Loran stared at him for a moment before hurrying over to the device. He pressed a side panel and the control section began to lower. He ran out before it finished moving.
Jack watched after the kid as he raced from the room back toward where he had made his bedroom. Carter shot him a look and he looked down at the floor for a moment, regretting his shouting at the kid. Daniel and Teal'c tried to look away.
"Figure that thing out," Jack said quietly to Carter as he followed after the kid.
Loran had holed up in his room just as Jack had assumed. He rounded the corner and watched as the kid sat slumped over, eyes fixated on the view screen of his alien camera. Jack slowly moved into the room. "Hey," he said softly. Loran's eyes drifted from the screen but he didn't look over. "I'm sorry."
He sat down on the edge of the bed near the kid and tried to find a way to bridge the gap. "Nice picture," he finally offered. "Your parents?"
When Loran finally turned to look at him, his eyes were glassed over with unshed tears. "I- I killed them," he said, voice heavy.
"You?" Jack asked. "I find that-" He didn't finish, instead taking a breath. "What happened?"
"We found this place." Jack had to strain to hear his words and he watched as tears started to well out of the kid's eyes and onto his cheeks. "All that they would do is stare at that light. All day. The light didn't affect me. My father said it was because I was too young. But they didn't let me in the light room anyway. I told them to stop," he insisted, finally looking up at Jack's face. "Every day. But they'd just tell me to bring them things."
"Okay." Jack tried to make his voice sound forgiving, but he wasn't even sure if that was what the kid wanted or if he even succeeded in adjusting his tone of voice. "So you did that. And?"

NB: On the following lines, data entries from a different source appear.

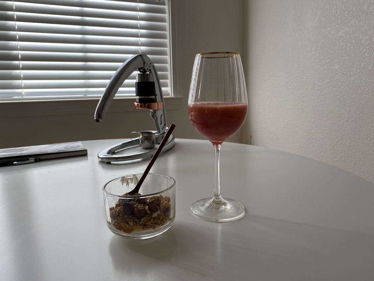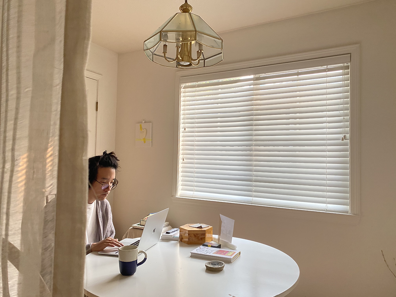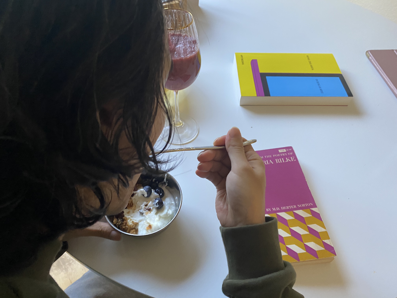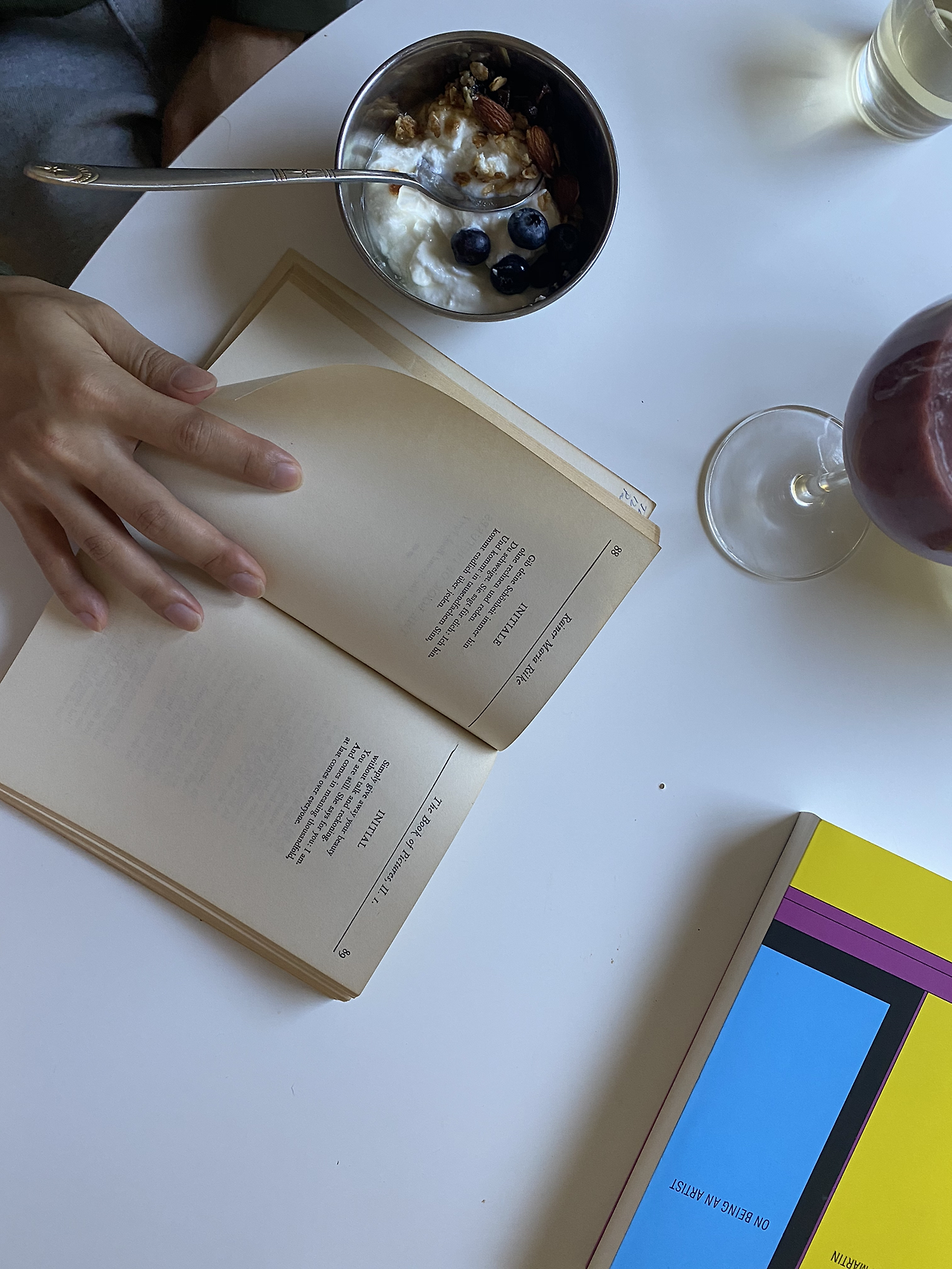 기분 좋은 아침을 맞이하도록 깔맞춤 소품도 적절히 배치했다. 보리차 노란색에 맞춰 남편이 야금야금 읽는 On Being an Artist 책을 무심히 던져 놓고, 보라빛 스무디 색깔의 릴케 시집을 놓았다.
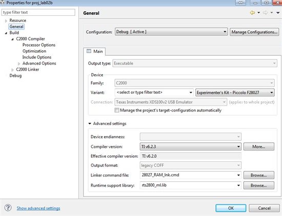 It seems that all my labs in Motorware don't include debug build configurations so I'm having to create them myself. Also, the kit is not listed in the target configurations so I'm using Experimenters Kit - Piccolo F28027. I'm not sure if this is the problem or not.
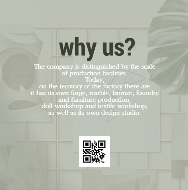 • The company is distinguished by the scale of production facilities. Today, on the territory of the factory there are it has its own forge, marble, bronze, foundry and furniture production, doll workshop and textile workshop, as well as its own design studio.
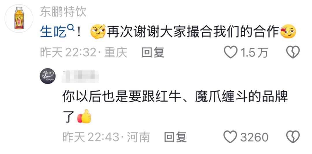 张雪机车夺冠后,东鹏特饮也在评论区感谢网友的撮合。
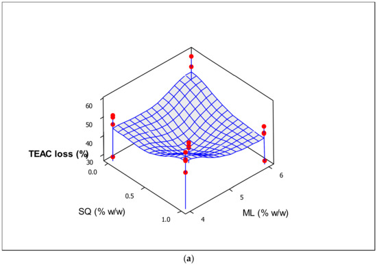 As shown in Table 4, a significant (p < 0.05) positive impact on the percentage loss of TEAC was observed for TW80 (also see Figure 2b). These results are consistent with the findings on the %size increase (shown in Table 3). Liposomes prepared in this study were composed of a mobile hydrophilic surfactant working as edge-activators and inserted into a biocompatible substrate of ML phospholipids. The important difference between surfactant-integrated liposomes and surfactant-free liposomes is the high and stress-dependent adaptability of such surfactant conjugated vesicles. This difference is demonstrated in the driving force provided by the osmotic gradient between the outer and inner layers of the liposomes. Edge activators with a high radius of curvature could obviously increase the fluidity and flexibility and enhance the deformability of the bilayers [38]. It appears that such flexible membranes are suitable for maintaining the integrity of the liposomal vesicles, engendering effective durability of the free radical scavenging system against UV-light-induced degradation. This may be because TW80 could sterically shield the lytic effect of phospholipids in the interface. From another standpoint, when exposed to UV light, phospholipids may be readily exchanged with the environment. TW80 is viscous and may minimize the exchange of phospholipids from the interfacial region. Moreover, the higher amount of TW80 could help in the wetting and dispersion of the very hydrophobic SQ molecules and enhance its solubility [39]. Thus, DPPH could easily capture H+ atoms from the SQ in such systems that are exposed to UV light.
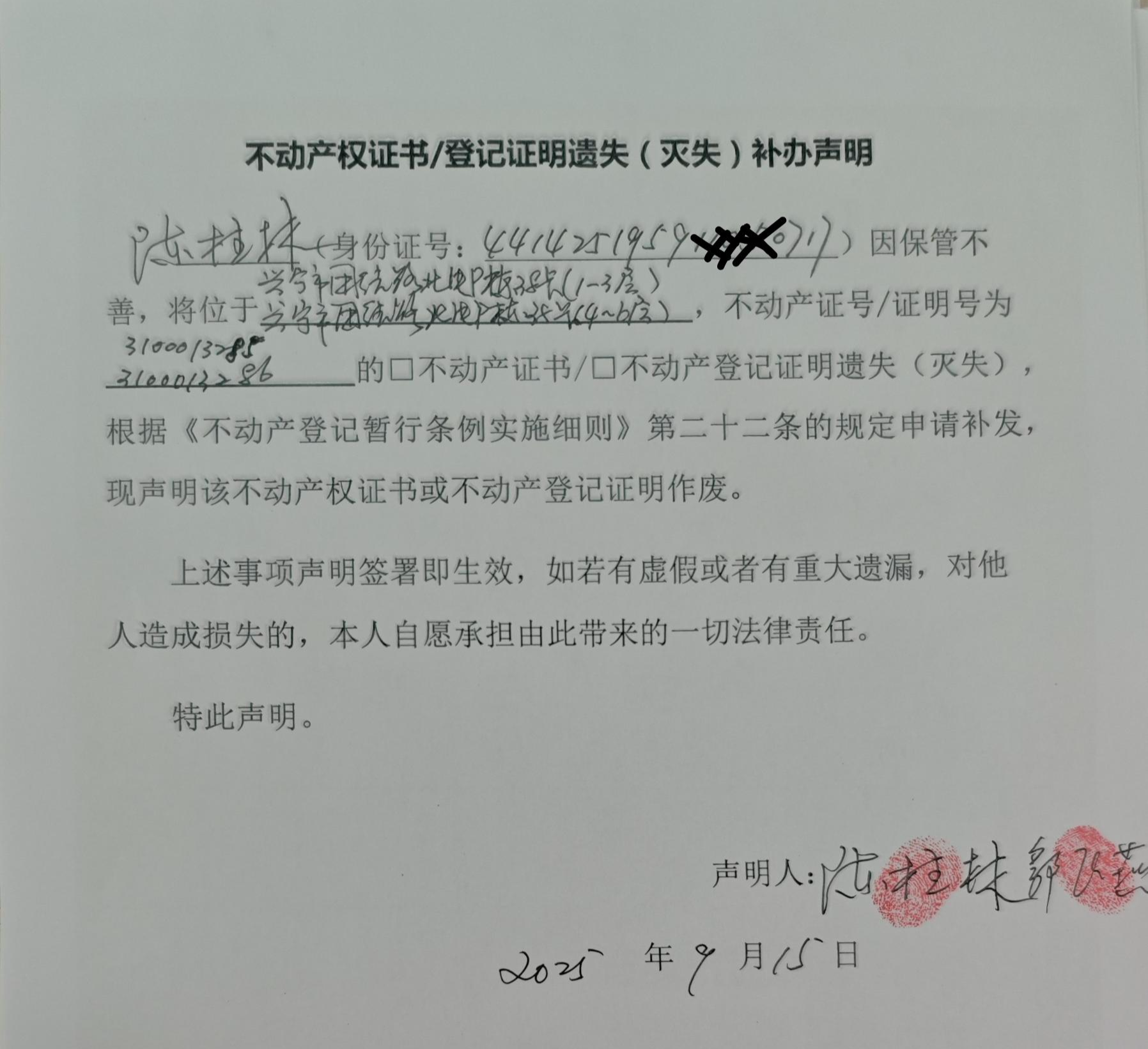 不動(dòng)產(chǎn)權(quán)證書/登記證明遺失(滅失)補(bǔ)辦聲明
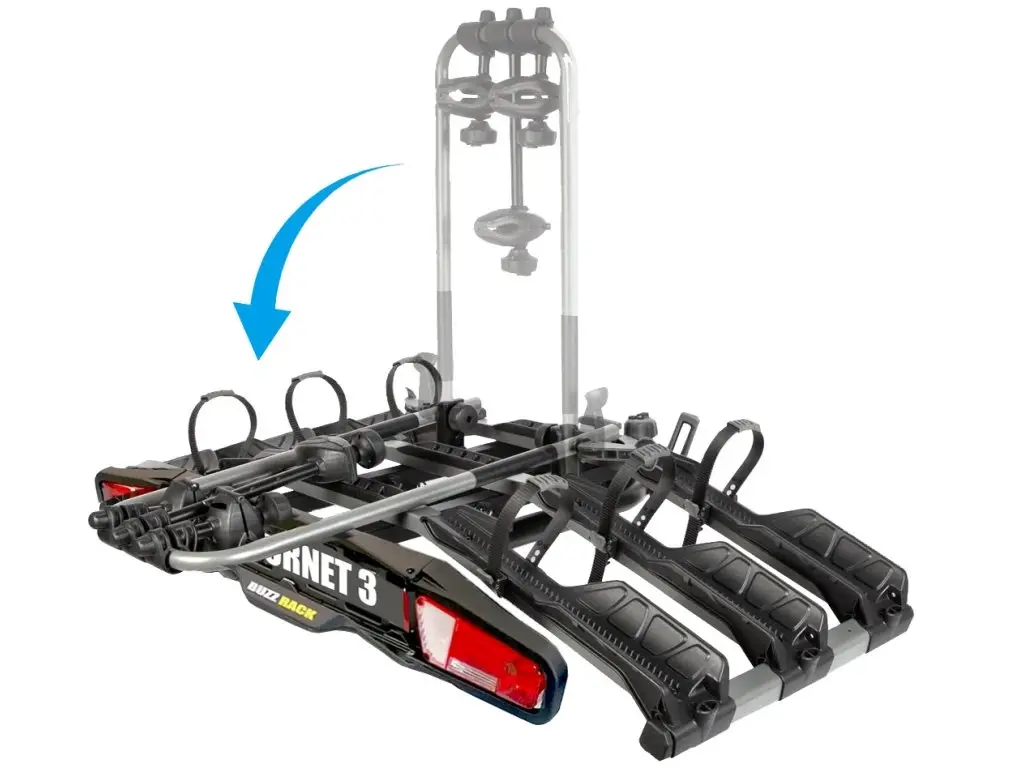 Velmi dobře navržený, jednoduchý a pevný cyklonosič E-Hornet 3 pro těžká elektrokola. Široké podpěry kol umožňují namontovat většinu běžných rozměrů jízdních kol a pneumatik. Určený k přepravě 3 jízdních kol.
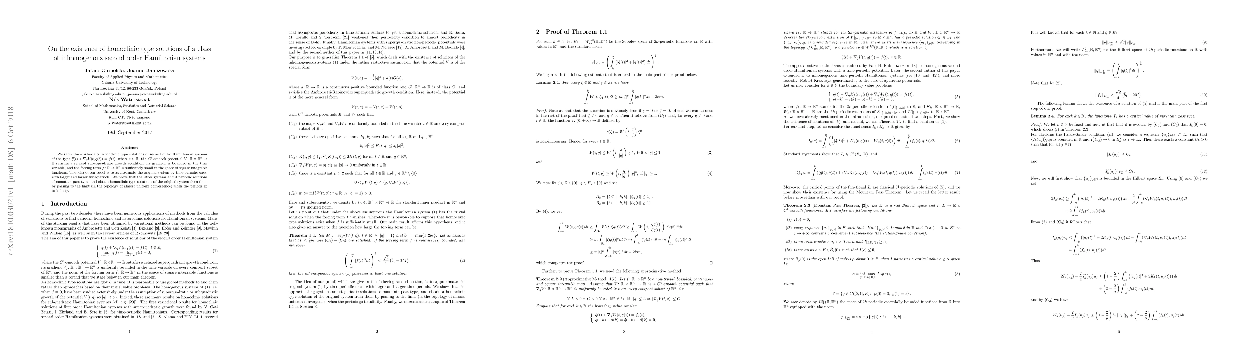 Summary: The paper demonstrates the existence of homoclinic type solutions in inhomogeneous second-order Hamiltonian systems with a relaxed superquadratic potential. The proof involves approximating the system with time-periodic versions and showing the convergence of periodic mountain-pass solutions to homoclinic solutions as the periods extend to infinity.
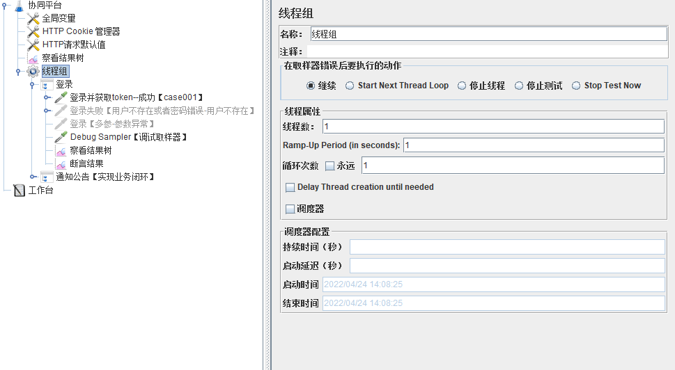 以上就是Jmeter的登录接口测试的一个正常流程,根据设计的接口测试用例增加请求测试
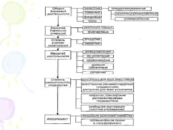 • Товарная биржа это организация с правами юридического лица, формирующая оптовый рынок путем организации и регулирования биржевой торговли, осуществляемой в форме гласных публичных торгов, проводимых в заранее определенном месте и в определенное время по установленным ею правилам.

For a kid so full of regret and pain and loneliness, his voice was thin. "And one day I stopped."
Jack didn't interrupt, even when the kid took a long pause. "It was days before their hunger was stronger than the light. Then they came out looking for me. Looking for food. And I snuck into the light room and… and I turned it off. Not just the light. Everything. I didn't know that it would hurt them. I just wanted to go home."
"Hey, it's not your fault," Jack assured him.
Loran burst into tears and Jack was reminded that despite looking at a kid about to enter his teens, inside he was still just a little boy who wanted his parents. "They died because of me. They were screaming. They ran outside. They didn't make any sense! They just wanted the light turned back on. So I did. I turned it back on. But they were already in the water, so far away. And they just kept on going." He wiped at his tears. "They just kept on going and screaming and I'd turned it back on! But they just kept on going. And then they were gone. The next day I found them on the shore."
Jack leaned in slightly. "Loran, you were trying to help them. You were trying to free them from something. It wasn't your fault."
Loran's head lowered and he took in a ragged breath. "I miss them," he whined.
Jack nodded and reached a hand up to ruffle the kid's hair. "Yeah," he said quietly, his heart breaking for the kid's loss.